A disseminação do vírus foi explosiva e ...global. Estima-se que, no seu auge, 27% da população mundial tenha sido contagiada. 50 a 100 milhões de mortos. Em termos comparativos, a Primeira Guerra Mundial vitimou entre 20 a 25 milhões de pessoas. A Gripe Espanhola matou mais em 25 semanas que o vírus da HIV em 25 anos. Só nos EUA, perto de 700 mil pessoas perderam a vida. Esse número é 10 vezes superior ao número total de baixas militares e civis provocadas pela Guerra do Vietname. A esperança média de vida do homem norte-americano rondava os 39 anos em 1918. Em Portugal, dezenas de milhares de pessoas foram dizimadas. Estes números são assustadores, dignos de uma pandemia apenas ultrapassada em letalidade pela Segunda Guerra Mundial. Esperemos que sirvam como lições do passado perante os desafios com que nos deparamos nos dias que correm.

             No que concerne à análise de qualquer pandemia, é sempre da maior relevância atentar nas circunstâncias subjacentes à sua propagação. Afinal, como é que o vírus se disseminou a uma escala global numa era onde nem sequer a aviação comercial existia?


             Para a disseminação do vírus, contribuiu essencialmente a Primeira Guerra Mundial. O confinamento de milhares de soldados infetados, em espaços exíguos, desprovidos de quaisquer condições, ampliou os focos de contágio. Por outro lado, a Primeira Guerra foi a primeira a ser efetivamente... mundial. Envolveu não só as nações beligerantes, como as próprias colónias e uma enorme estratégia de mobilização. Múltiplos historiadores advogam que “o desenvolvimento de uma estratégia de guerra global, com vista à mobilização de um grande número de homens e maquinaria para combater em cenários de conflito próximo, foi decisiva para a expansão da epidemia”.

             Cumulativamente, a elevada letalidade da pneumónica acaba por ser indissociável de dois fatores nucleares: a grave sintomatologia e a precariedade dos cuidados médicos prestados.

             O vírus da gripe espanhola tinha a capacidade de afetar uma multiplicidade de sistemas do organismo, desde o respiratório até ao nervoso, passando pelo digestivo, renal ou circulatório. O número de sintomas associados era incomensurável pelo que mencionaremos apenas a febre elevada, hemorragias nasais , pneumonia e acumulação de fluidos pulmonares. Esta conjugação de sintomas era devastadora, conduzindo à morte. Eis o retrato de uma epidemia “demasiado severa para o seu tempo.”. 

Toda esta conjuntura de calamidade, associada ao morticínio da guerra, seria exacerbada pela existência de uma Ciência Médica que simplesmente não conseguiu encontrar soluções. Na altura,  os médicos não só não sabiam da existência de um vírus como não dispunham de microscópios que permitissem o desenvolvimento de estudos patológicos. Nunca existiu nenhuma campanha de sensibilização dos meios de comunicação social. O recurso a medidas efetivas de prevenção foi, para todos os efeitos, inexistente. A inércia dos “media” e subdesenvolvimento científico desencadearam uma das maiores catástrofes humanas da História Contemporânea.

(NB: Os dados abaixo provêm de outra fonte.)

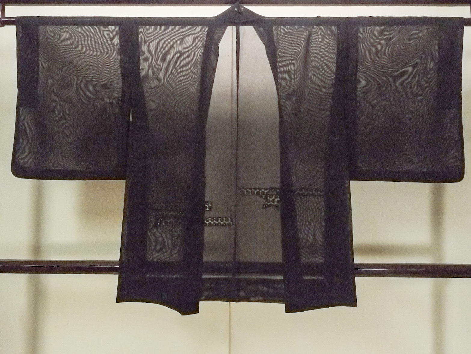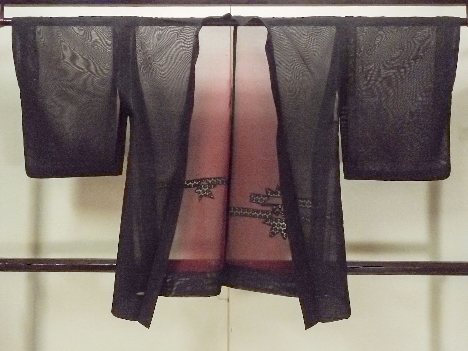 O0909T 女性用羽織 シルク(正絹) 黒, 花 【中古】【USED】【リサイクル】 ★★★★☆【O0909T】 [O0909T]

             O objetivo deste artigo não passa por assustar os nossos estimados leitores, mas antes por reforçar a falibilidade da condição humana. Se a geração dos nossos tetravôs conseguiu, a muito custo, superar a guerra contra a Gripe Espanhola é da nossa obrigação moral e ética, atendendo à tecnologia que temos ao nosso dispor, que juntemos esforços para superar a Covid-19.